I had a horrendous cold over the weekend — so awful, in fact, that in an unprecedented development, my wife grudgingly conceded that “it might actually be flu”. And so it was that, tossing and turning with a raging temperature, I was visited in my dreams by the late Kwasi Kwarteng.

Other people’s dreams are rarely very interesting, so I’ll keep this brief. I had a towering pile of columns to file, but had failed to start work on any of them. The former Chancellor of the Exchequer, now working as a kind of journalistic bailiff, was pursuing me through a series of oddly blank rooms. In a twist not unfamiliar in dreams, he was not merely himself, he was also the Judge, the gigantic and terrifying personification of evil in Cormac McCarthy’s Blood Meridian. There is no escaping the Judge; and in my dream, there was no escaping Kwarteng.

That was bad enough. But the following night, Kwarteng visited me again. This time, in a surprising new departure, he had organised a mano a mano poetry competition in Leeds, in which he and I were due to read our own verses.

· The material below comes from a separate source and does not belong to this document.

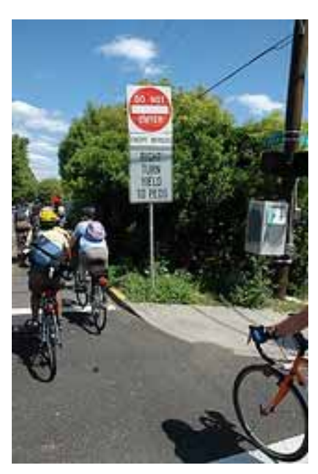
Bike Boulevard.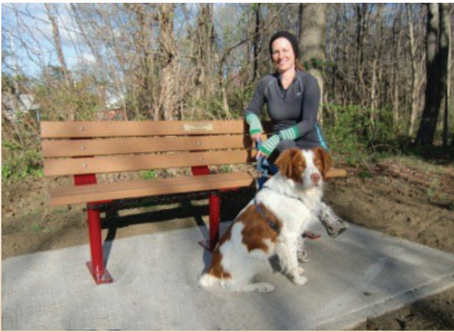
Station Road Bench on Henry Hudson Trail

Disastrously, I had forgotten all about it, and only remembered when it was far too late to catch the train. In desperation, I scribbled a few lines and posted them on Twitter, hoping they would mollify the poetry-fanciers of West Yorkshire. But then — another disaster! The ex-Chancellor immediately retweeted them, mocking my slapdash efforts and pointing out that the first two lines ended with the same word. Shame and ignominy engulfed me; I knew I could never show my face again.

Nightmares about public failure are very common. There can be few readers who haven’t dreamed about turning up to an exam entirely unprepared, or about walking onstage having neglected to learn the lines. Anecdotal evidence suggests that the more you care about such things, the more likely they are to haunt you, which is why they’re so common among academic high-achievers. So perhaps Kwarteng himself, whose academic credentials are second to none, has had such dreams. And if he did, here’s the twist. His nightmares came true.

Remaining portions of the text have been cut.